### Provided records
________________________________________

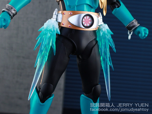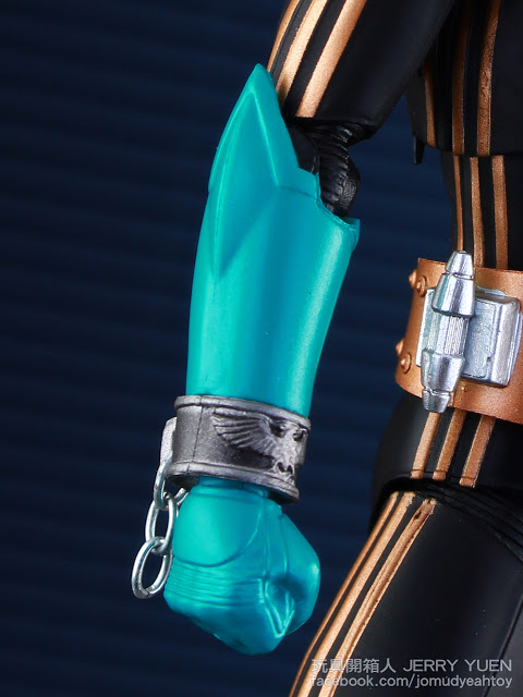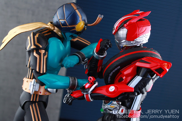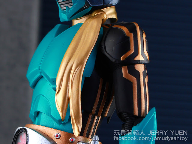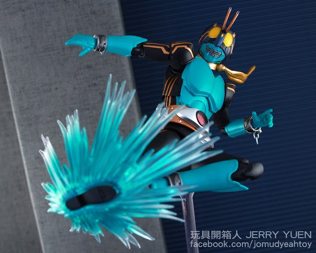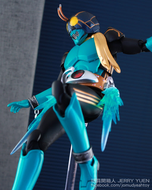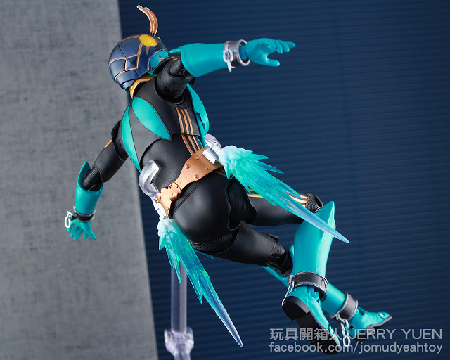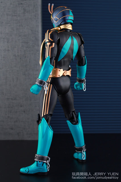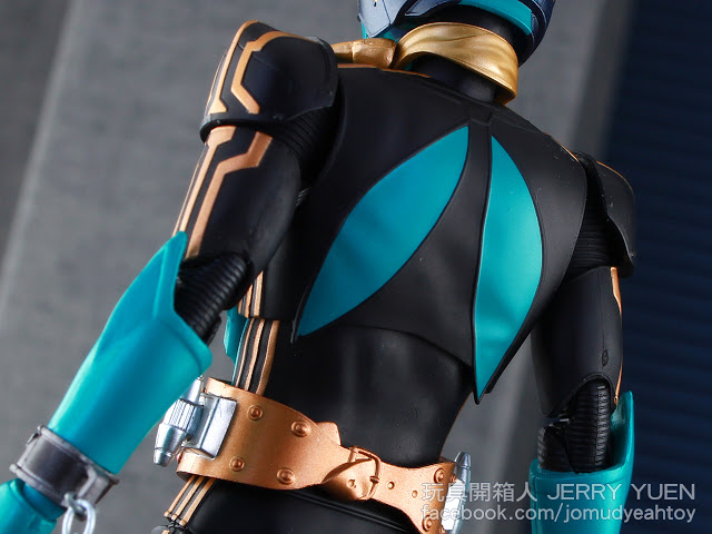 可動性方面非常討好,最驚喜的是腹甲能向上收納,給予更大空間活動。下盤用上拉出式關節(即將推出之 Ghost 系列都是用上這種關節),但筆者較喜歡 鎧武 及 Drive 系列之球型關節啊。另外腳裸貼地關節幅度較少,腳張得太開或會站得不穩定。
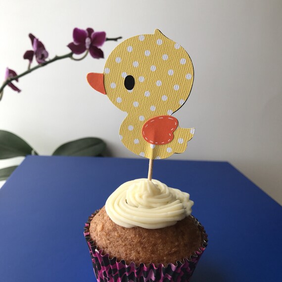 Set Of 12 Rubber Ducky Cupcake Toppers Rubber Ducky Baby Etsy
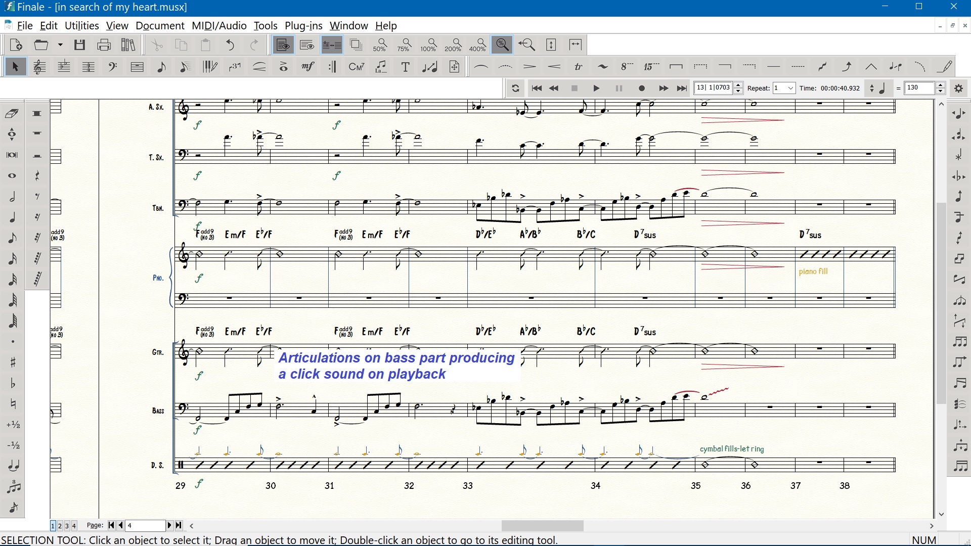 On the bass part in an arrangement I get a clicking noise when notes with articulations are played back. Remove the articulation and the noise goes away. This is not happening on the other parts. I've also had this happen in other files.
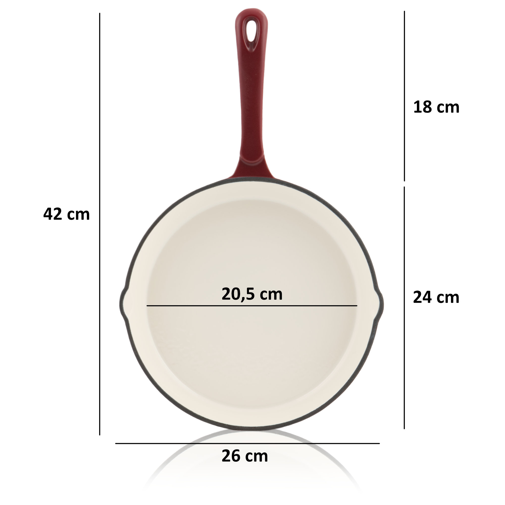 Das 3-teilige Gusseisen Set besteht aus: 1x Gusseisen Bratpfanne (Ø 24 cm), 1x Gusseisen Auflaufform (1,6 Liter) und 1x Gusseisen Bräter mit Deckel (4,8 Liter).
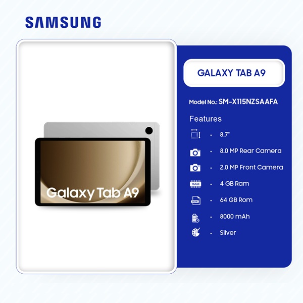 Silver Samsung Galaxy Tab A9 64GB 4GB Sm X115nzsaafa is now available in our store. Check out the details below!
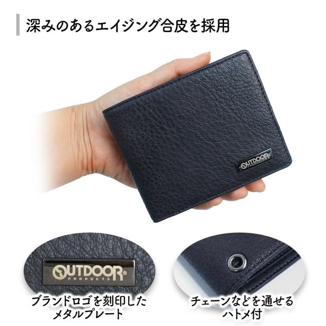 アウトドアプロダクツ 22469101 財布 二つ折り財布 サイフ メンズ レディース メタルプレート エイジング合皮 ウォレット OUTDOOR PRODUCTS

________________________________________

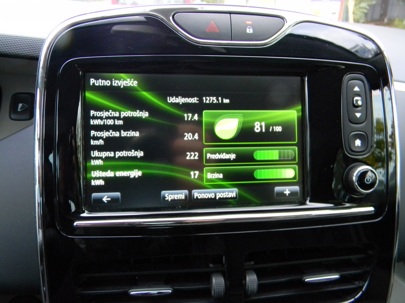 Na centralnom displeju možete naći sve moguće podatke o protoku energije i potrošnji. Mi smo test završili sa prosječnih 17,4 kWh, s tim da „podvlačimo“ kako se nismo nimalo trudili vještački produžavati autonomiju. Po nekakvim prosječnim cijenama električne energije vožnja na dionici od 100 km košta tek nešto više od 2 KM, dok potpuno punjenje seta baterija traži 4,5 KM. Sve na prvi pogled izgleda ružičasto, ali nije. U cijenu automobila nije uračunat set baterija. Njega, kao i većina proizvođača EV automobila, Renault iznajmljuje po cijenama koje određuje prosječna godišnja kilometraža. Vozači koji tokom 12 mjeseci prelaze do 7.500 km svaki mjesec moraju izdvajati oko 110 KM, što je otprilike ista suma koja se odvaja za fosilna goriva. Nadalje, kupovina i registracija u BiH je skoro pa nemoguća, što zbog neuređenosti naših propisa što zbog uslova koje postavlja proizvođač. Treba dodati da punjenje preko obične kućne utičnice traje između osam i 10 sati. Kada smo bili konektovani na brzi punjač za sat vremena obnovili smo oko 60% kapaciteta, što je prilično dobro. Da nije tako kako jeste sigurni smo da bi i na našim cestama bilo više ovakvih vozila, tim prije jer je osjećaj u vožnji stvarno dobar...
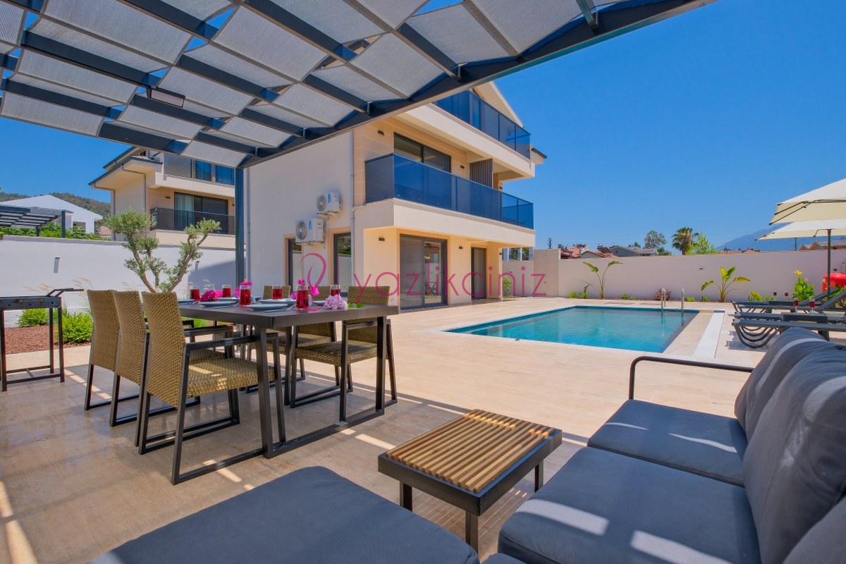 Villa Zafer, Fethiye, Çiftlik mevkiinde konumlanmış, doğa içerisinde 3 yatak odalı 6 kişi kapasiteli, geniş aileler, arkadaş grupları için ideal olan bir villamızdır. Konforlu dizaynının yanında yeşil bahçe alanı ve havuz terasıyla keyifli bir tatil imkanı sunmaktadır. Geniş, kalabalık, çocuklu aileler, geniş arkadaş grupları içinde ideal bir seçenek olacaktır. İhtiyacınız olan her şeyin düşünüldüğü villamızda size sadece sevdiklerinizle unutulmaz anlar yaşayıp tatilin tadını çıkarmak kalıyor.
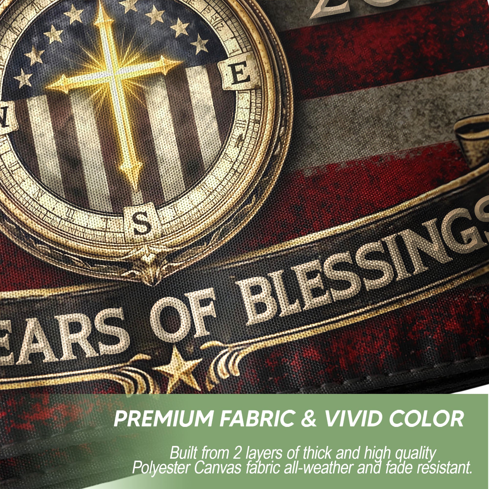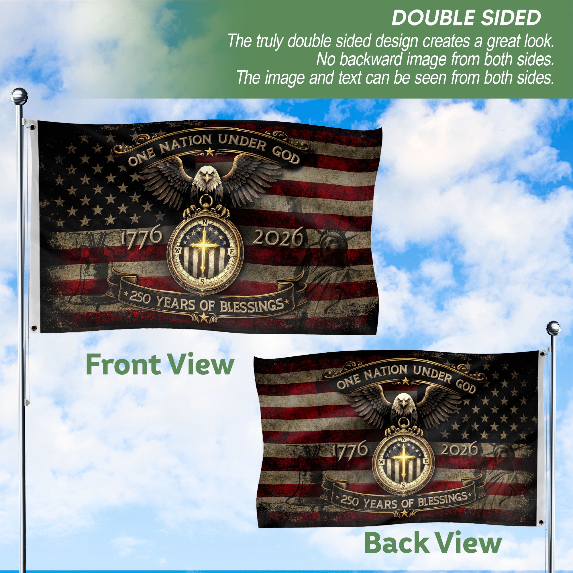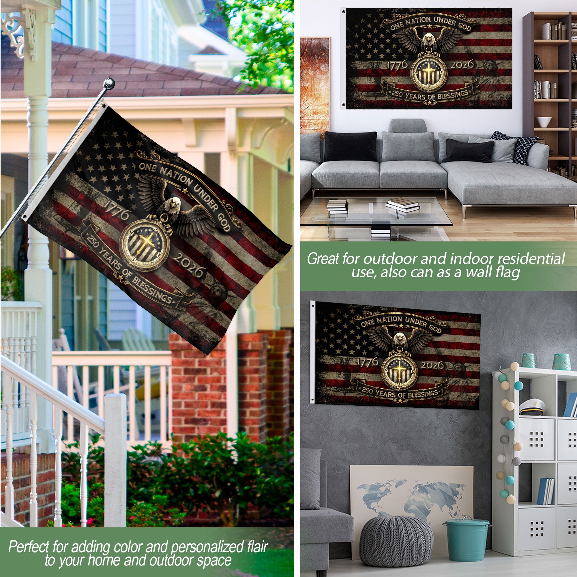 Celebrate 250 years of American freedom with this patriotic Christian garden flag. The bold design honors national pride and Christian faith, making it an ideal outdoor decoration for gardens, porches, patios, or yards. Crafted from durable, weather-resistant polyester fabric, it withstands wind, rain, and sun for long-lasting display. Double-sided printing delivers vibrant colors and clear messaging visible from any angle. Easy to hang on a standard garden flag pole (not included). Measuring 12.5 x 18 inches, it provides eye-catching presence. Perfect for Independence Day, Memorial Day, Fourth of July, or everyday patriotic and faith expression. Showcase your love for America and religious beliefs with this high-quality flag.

________________________________________

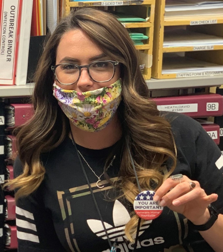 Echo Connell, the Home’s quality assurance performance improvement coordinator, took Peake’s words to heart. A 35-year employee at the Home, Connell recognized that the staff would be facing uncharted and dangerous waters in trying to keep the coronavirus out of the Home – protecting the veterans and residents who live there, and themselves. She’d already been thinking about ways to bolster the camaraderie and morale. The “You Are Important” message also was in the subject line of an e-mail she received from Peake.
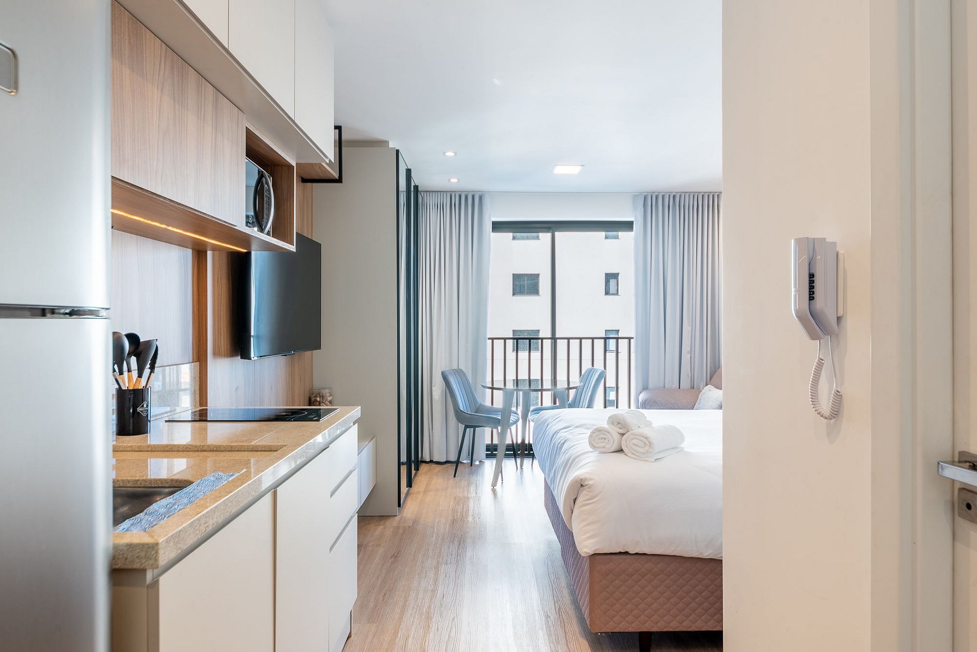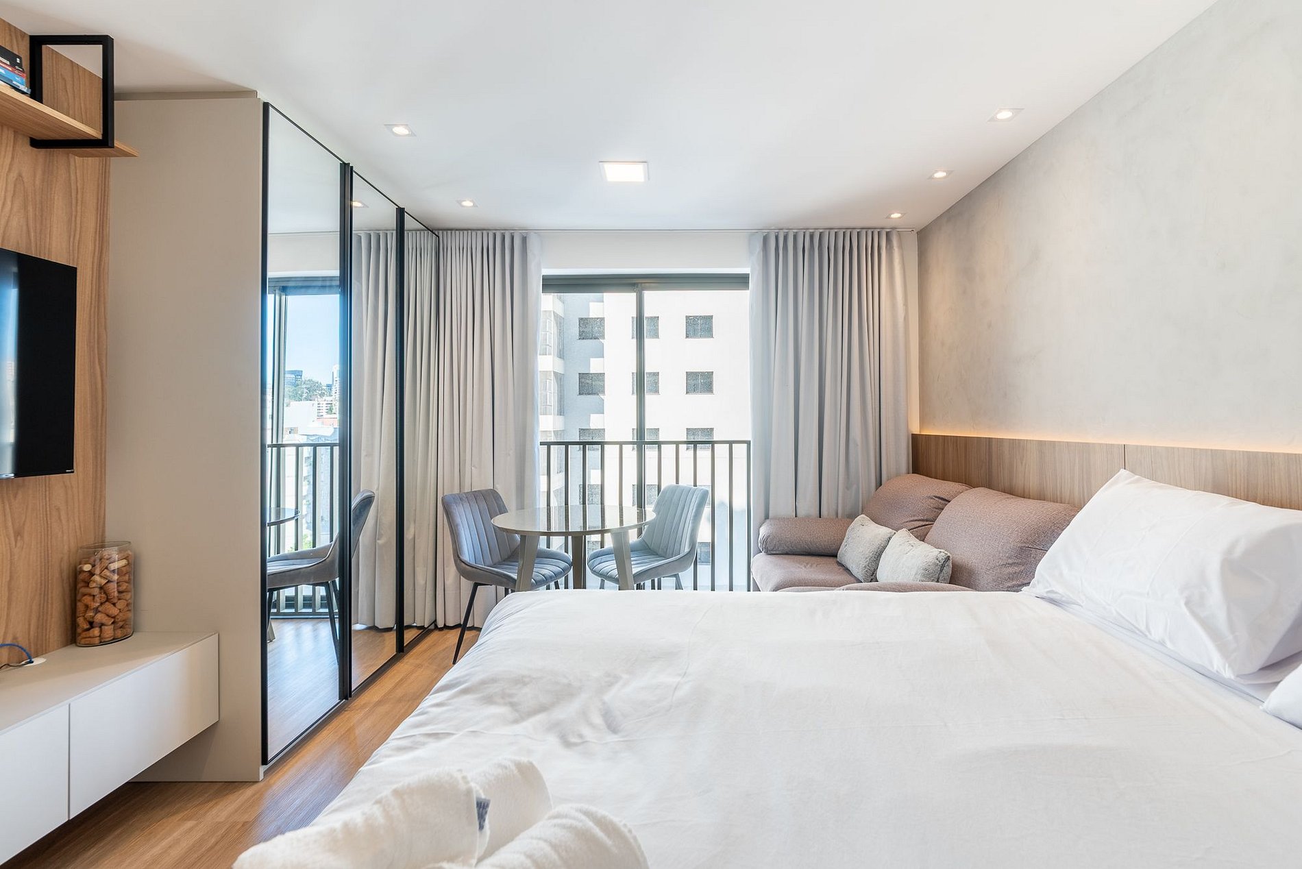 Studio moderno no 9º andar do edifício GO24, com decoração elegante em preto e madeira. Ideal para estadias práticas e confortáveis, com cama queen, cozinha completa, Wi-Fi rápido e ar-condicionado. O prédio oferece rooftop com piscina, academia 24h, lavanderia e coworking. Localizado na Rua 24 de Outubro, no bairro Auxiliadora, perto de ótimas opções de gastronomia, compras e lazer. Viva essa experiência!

________________________________________

### Your goal
Repeat only the stretch of data above that runs from the line with "Set Of 12 Rubber" to the line with "On the bass". Keep both end lines; exclude pictures.

### Exercise solution
 Set Of 12 Rubber Ducky Cupcake Toppers Rubber Ducky Baby Etsy
 On the bass part in an arrangement I get a clicking noise when notes with articulations are played back. Remove the articulation and the noise goes away. This is not happening on the other parts. I've also had this happen in other files.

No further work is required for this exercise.